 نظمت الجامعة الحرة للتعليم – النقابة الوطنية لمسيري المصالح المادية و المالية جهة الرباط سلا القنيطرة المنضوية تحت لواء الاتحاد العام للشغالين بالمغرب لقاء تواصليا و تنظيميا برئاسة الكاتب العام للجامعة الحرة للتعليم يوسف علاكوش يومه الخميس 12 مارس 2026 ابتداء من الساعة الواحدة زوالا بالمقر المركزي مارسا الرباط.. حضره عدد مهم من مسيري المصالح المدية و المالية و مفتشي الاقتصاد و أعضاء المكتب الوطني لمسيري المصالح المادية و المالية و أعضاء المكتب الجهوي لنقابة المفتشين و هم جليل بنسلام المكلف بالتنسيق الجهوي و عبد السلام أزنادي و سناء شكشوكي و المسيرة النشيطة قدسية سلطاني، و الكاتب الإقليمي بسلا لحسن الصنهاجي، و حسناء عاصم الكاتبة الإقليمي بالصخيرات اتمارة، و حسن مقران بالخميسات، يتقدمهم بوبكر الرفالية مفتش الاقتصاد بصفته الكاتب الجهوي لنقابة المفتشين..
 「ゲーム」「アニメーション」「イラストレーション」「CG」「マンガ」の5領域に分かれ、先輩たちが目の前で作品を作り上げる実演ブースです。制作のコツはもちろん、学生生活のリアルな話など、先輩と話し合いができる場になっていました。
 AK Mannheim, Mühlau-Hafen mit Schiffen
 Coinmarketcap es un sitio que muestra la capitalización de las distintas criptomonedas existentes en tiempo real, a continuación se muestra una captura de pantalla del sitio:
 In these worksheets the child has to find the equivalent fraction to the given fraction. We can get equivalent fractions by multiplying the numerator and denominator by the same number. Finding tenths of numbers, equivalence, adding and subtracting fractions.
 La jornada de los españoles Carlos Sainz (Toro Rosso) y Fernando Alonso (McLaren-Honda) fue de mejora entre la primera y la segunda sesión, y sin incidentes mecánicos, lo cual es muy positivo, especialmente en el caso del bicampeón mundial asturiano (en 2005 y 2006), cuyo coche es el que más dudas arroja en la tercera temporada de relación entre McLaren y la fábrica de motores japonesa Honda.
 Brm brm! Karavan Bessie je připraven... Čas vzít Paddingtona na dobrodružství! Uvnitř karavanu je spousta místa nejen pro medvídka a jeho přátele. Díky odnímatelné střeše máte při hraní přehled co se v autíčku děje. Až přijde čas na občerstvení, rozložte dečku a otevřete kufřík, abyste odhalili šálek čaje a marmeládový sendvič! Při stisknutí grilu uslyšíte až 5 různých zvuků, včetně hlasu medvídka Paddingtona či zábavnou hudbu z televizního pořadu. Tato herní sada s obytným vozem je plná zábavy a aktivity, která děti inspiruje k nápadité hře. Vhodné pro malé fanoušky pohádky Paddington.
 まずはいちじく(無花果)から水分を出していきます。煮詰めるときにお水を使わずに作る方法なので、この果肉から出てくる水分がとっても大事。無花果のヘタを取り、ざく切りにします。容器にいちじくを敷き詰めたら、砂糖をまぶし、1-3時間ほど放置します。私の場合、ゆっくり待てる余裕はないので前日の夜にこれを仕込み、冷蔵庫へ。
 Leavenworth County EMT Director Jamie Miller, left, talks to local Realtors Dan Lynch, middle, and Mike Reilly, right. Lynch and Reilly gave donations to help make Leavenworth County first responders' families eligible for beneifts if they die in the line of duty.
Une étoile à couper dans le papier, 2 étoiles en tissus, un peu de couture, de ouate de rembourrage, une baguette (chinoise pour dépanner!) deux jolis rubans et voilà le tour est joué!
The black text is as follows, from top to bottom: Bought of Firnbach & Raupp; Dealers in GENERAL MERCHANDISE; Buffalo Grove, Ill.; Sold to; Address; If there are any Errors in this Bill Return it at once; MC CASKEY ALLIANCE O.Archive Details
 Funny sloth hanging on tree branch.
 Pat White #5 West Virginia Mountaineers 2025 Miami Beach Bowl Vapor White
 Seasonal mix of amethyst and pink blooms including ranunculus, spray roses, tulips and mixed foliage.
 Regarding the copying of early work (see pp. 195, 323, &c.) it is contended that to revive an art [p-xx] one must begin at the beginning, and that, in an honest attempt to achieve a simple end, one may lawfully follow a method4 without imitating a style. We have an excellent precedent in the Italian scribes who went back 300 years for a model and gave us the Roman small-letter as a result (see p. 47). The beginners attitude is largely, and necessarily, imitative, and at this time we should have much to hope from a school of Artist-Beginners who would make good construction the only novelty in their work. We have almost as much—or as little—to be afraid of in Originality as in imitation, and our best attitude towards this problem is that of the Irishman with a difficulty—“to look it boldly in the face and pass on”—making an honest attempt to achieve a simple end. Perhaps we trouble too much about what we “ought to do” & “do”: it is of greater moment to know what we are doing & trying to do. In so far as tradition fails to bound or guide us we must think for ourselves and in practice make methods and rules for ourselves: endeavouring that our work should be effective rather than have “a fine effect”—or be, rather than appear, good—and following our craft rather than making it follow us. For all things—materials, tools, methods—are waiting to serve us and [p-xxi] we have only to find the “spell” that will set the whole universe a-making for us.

◇ ◇ ◇ ◇ ◇

YOUR INSTRUCTIONS
Repeating the listing in full, word for word, is the required output.

RESPONSE FOR THIS EXERCISE
 نظمت الجامعة الحرة للتعليم – النقابة الوطنية لمسيري المصالح المادية و المالية جهة الرباط سلا القنيطرة المنضوية تحت لواء الاتحاد العام للشغالين بالمغرب لقاء تواصليا و تنظيميا برئاسة الكاتب العام للجامعة الحرة للتعليم يوسف علاكوش يومه الخميس 12 مارس 2026 ابتداء من الساعة الواحدة زوالا بالمقر المركزي مارسا الرباط.. حضره عدد مهم من مسيري المصالح المدية و المالية و مفتشي الاقتصاد و أعضاء المكتب الوطني لمسيري المصالح المادية و المالية و أعضاء المكتب الجهوي لنقابة المفتشين و هم جليل بنسلام المكلف بالتنسيق الجهوي و عبد السلام أزنادي و سناء شكشوكي و المسيرة النشيطة قدسية سلطاني، و الكاتب الإقليمي بسلا لحسن الصنهاجي، و حسناء عاصم الكاتبة الإقليمي بالصخيرات اتمارة، و حسن مقران بالخميسات، يتقدمهم بوبكر الرفالية مفتش الاقتصاد بصفته الكاتب الجهوي لنقابة المفتشين..
 「ゲーム」「アニメーション」「イラストレーション」「CG」「マンガ」の5領域に分かれ、先輩たちが目の前で作品を作り上げる実演ブースです。制作のコツはもちろん、学生生活のリアルな話など、先輩と話し合いができる場になっていました。
 AK Mannheim, Mühlau-Hafen mit Schiffen
 Coinmarketcap es un sitio que muestra la capitalización de las distintas criptomonedas existentes en tiempo real, a continuación se muestra una captura de pantalla del sitio:
 In these worksheets the child has to find the equivalent fraction to the given fraction. We can get equivalent fractions by multiplying the numerator and denominator by the same number. Finding tenths of numbers, equivalence, adding and subtracting fractions.
 La jornada de los españoles Carlos Sainz (Toro Rosso) y Fernando Alonso (McLaren-Honda) fue de mejora entre la primera y la segunda sesión, y sin incidentes mecánicos, lo cual es muy positivo, especialmente en el caso del bicampeón mundial asturiano (en 2005 y 2006), cuyo coche es el que más dudas arroja en la tercera temporada de relación entre McLaren y la fábrica de motores japonesa Honda.
 Brm brm! Karavan Bessie je připraven... Čas vzít Paddingtona na dobrodružství! Uvnitř karavanu je spousta místa nejen pro medvídka a jeho přátele. Díky odnímatelné střeše máte při hraní přehled co se v autíčku děje. Až přijde čas na občerstvení, rozložte dečku a otevřete kufřík, abyste odhalili šálek čaje a marmeládový sendvič! Při stisknutí grilu uslyšíte až 5 různých zvuků, včetně hlasu medvídka Paddingtona či zábavnou hudbu z televizního pořadu. Tato herní sada s obytným vozem je plná zábavy a aktivity, která děti inspiruje k nápadité hře. Vhodné pro malé fanoušky pohádky Paddington.
 まずはいちじく(無花果)から水分を出していきます。煮詰めるときにお水を使わずに作る方法なので、この果肉から出てくる水分がとっても大事。無花果のヘタを取り、ざく切りにします。容器にいちじくを敷き詰めたら、砂糖をまぶし、1-3時間ほど放置します。私の場合、ゆっくり待てる余裕はないので前日の夜にこれを仕込み、冷蔵庫へ。
 Leavenworth County EMT Director Jamie Miller, left, talks to local Realtors Dan Lynch, middle, and Mike Reilly, right. Lynch and Reilly gave donations to help make Leavenworth County first responders' families eligible for beneifts if they die in the line of duty.
Une étoile à couper dans le papier, 2 étoiles en tissus, un peu de couture, de ouate de rembourrage, une baguette (chinoise pour dépanner!) deux jolis rubans et voilà le tour est joué!
The black text is as follows, from top to bottom: Bought of Firnbach & Raupp; Dealers in GENERAL MERCHANDISE; Buffalo Grove, Ill.; Sold to; Address; If there are any Errors in this Bill Return it at once; MC CASKEY ALLIANCE O.Archive Details
 Funny sloth hanging on tree branch.
 Pat White #5 West Virginia Mountaineers 2025 Miami Beach Bowl Vapor White
 Seasonal mix of amethyst and pink blooms including ranunculus, spray roses, tulips and mixed foliage.
 Regarding the copying of early work (see pp. 195, 323, &c.) it is contended that to revive an art [p-xx] one must begin at the beginning, and that, in an honest attempt to achieve a simple end, one may lawfully follow a method4 without imitating a style. We have an excellent precedent in the Italian scribes who went back 300 years for a model and gave us the Roman small-letter as a result (see p. 47). The beginners attitude is largely, and necessarily, imitative, and at this time we should have much to hope from a school of Artist-Beginners who would make good construction the only novelty in their work. We have almost as much—or as little—to be afraid of in Originality as in imitation, and our best attitude towards this problem is that of the Irishman with a difficulty—“to look it boldly in the face and pass on”—making an honest attempt to achieve a simple end. Perhaps we trouble too much about what we “ought to do” & “do”: it is of greater moment to know what we are doing & trying to do. In so far as tradition fails to bound or guide us we must think for ourselves and in practice make methods and rules for ourselves: endeavouring that our work should be effective rather than have “a fine effect”—or be, rather than appear, good—and following our craft rather than making it follow us. For all things—materials, tools, methods—are waiting to serve us and [p-xxi] we have only to find the “spell” that will set the whole universe a-making for us.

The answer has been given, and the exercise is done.